■ DIRECTIONS
Repeat exactly the lines of the material below that run from the "上午告别青海湖还有点不舍,停" line to the "void m_h_Priority(sqStack *symbol_stack, resStack" line, including both, and do not carry over any pictures.
----- LISTED ENTRIES
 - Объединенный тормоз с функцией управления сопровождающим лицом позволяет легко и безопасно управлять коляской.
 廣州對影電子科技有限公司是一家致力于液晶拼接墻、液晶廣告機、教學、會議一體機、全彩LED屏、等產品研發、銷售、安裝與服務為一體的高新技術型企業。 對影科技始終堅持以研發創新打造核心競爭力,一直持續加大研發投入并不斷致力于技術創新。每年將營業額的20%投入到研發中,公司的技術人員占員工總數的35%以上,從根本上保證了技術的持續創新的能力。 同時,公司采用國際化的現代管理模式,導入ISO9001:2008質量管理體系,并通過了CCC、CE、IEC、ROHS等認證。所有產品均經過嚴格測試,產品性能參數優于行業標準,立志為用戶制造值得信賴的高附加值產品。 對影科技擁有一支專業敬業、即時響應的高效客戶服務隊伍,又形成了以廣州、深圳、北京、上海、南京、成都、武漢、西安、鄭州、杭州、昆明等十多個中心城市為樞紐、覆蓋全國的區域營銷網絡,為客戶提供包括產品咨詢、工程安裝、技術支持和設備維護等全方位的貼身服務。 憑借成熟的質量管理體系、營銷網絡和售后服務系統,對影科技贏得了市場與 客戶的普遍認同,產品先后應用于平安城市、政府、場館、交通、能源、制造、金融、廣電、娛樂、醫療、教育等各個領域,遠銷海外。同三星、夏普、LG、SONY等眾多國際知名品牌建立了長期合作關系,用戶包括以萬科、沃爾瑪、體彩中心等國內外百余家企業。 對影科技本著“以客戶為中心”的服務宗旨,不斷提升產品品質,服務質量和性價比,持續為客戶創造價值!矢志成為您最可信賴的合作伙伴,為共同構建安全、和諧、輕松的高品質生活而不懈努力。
----------
----- LISTED ENTRIES
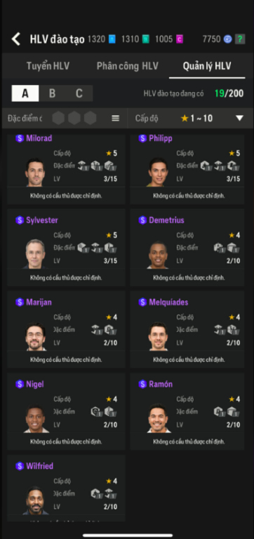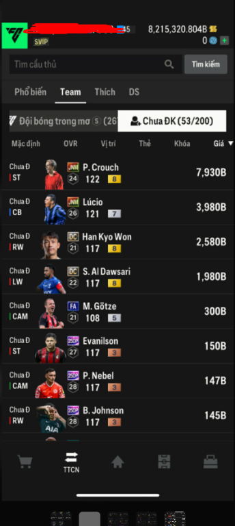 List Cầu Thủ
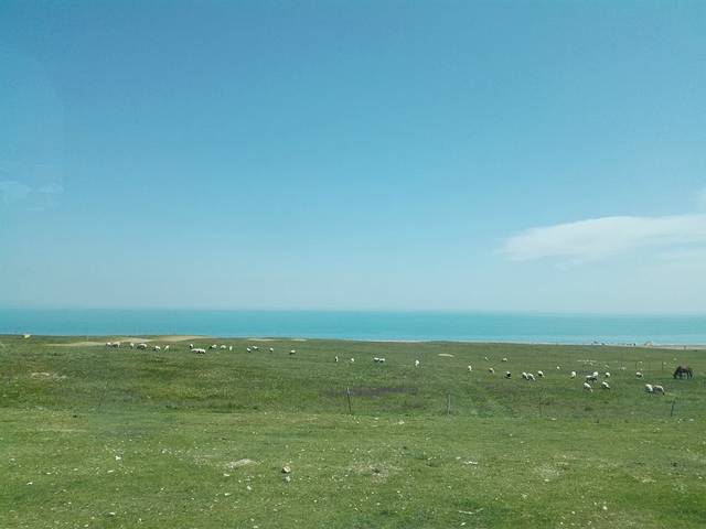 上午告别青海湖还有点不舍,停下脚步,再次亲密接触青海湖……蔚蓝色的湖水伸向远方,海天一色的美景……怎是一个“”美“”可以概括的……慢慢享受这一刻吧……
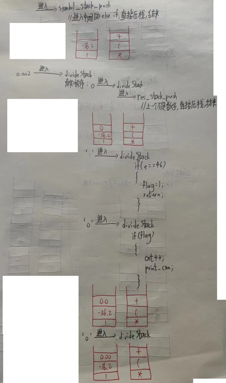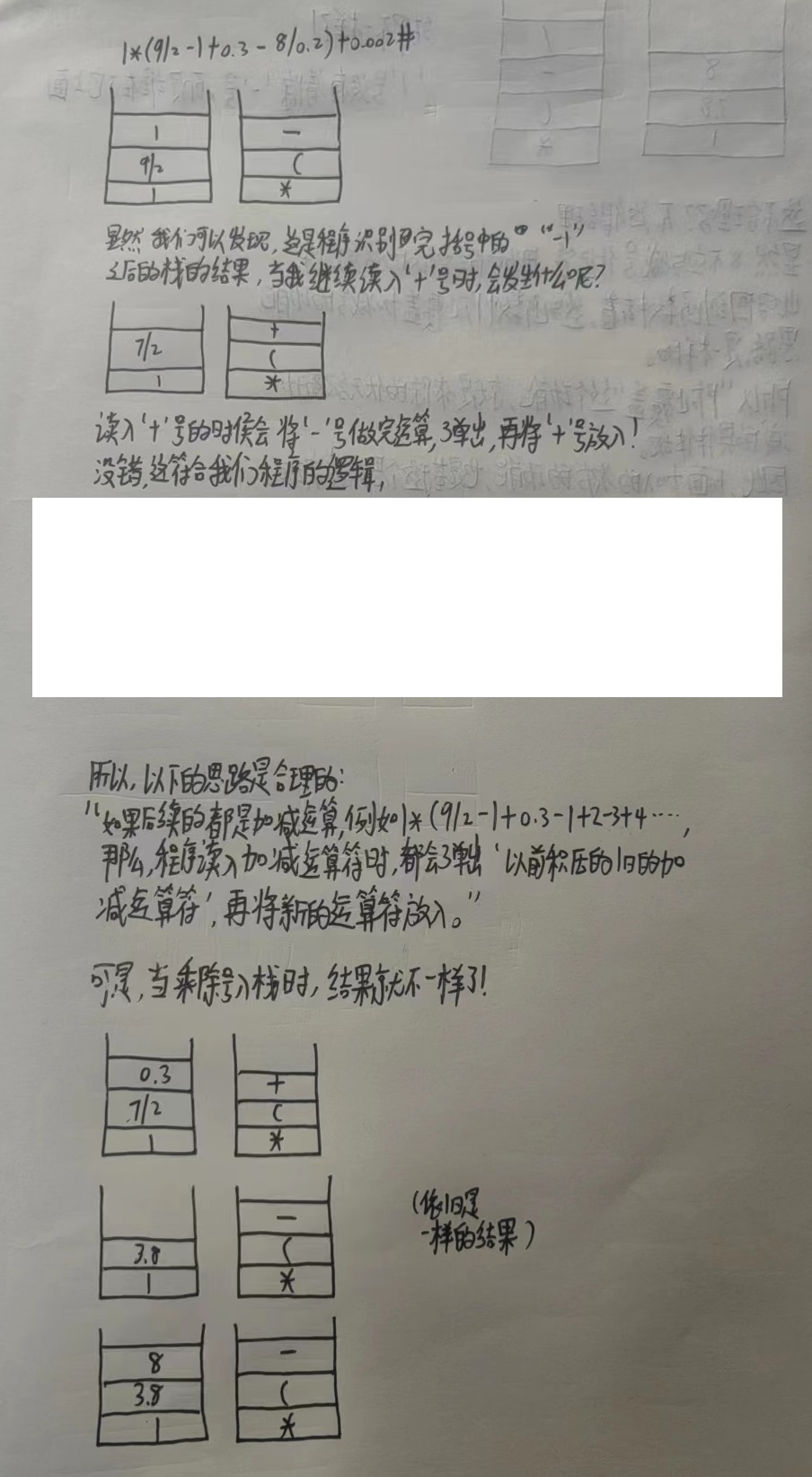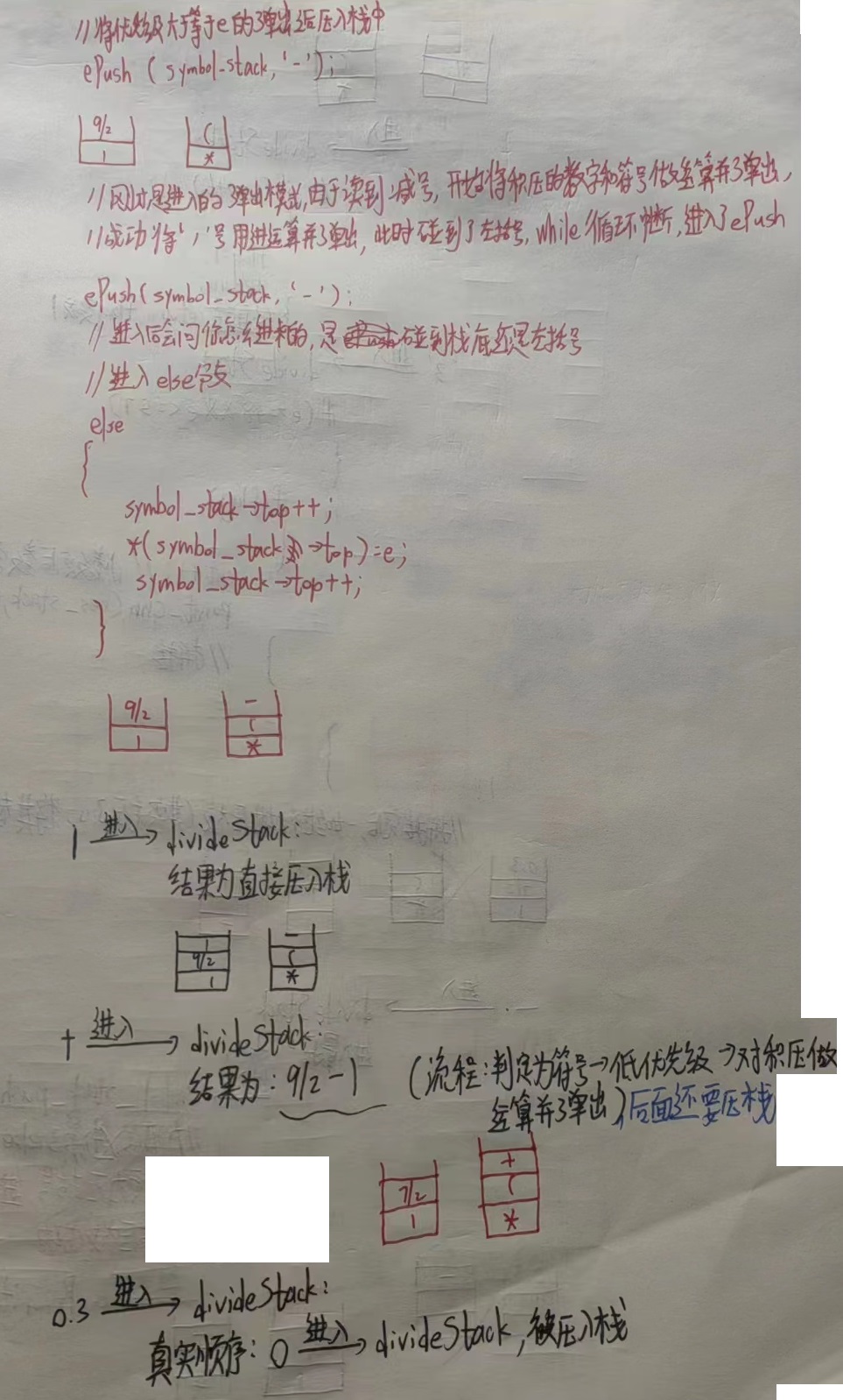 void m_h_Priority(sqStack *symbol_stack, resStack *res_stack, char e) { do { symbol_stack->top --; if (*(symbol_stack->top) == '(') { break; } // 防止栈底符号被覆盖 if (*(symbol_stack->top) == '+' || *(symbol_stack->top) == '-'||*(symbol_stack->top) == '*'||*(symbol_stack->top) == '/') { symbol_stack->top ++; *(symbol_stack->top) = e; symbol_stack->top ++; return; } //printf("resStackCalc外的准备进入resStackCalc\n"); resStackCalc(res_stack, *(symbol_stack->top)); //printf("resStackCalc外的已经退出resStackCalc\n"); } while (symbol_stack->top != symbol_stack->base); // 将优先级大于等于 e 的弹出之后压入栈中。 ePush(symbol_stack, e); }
----------
■ RESPONSE TO THIS EXERCISE
 上午告别青海湖还有点不舍,停下脚步,再次亲密接触青海湖……蔚蓝色的湖水伸向远方,海天一色的美景……怎是一个“”美“”可以概括的……慢慢享受这一刻吧……
 void m_h_Priority(sqStack *symbol_stack, resStack *res_stack, char e) { do { symbol_stack->top --; if (*(symbol_stack->top) == '(') { break; } // 防止栈底符号被覆盖 if (*(symbol_stack->top) == '+' || *(symbol_stack->top) == '-'||*(symbol_stack->top) == '*'||*(symbol_stack->top) == '/') { symbol_stack->top ++; *(symbol_stack->top) = e; symbol_stack->top ++; return; } //printf("resStackCalc外的准备进入resStackCalc\n"); resStackCalc(res_stack, *(symbol_stack->top)); //printf("resStackCalc外的已经退出resStackCalc\n"); } while (symbol_stack->top != symbol_stack->base); // 将优先级大于等于 e 的弹出之后压入栈中。 ePush(symbol_stack, e); }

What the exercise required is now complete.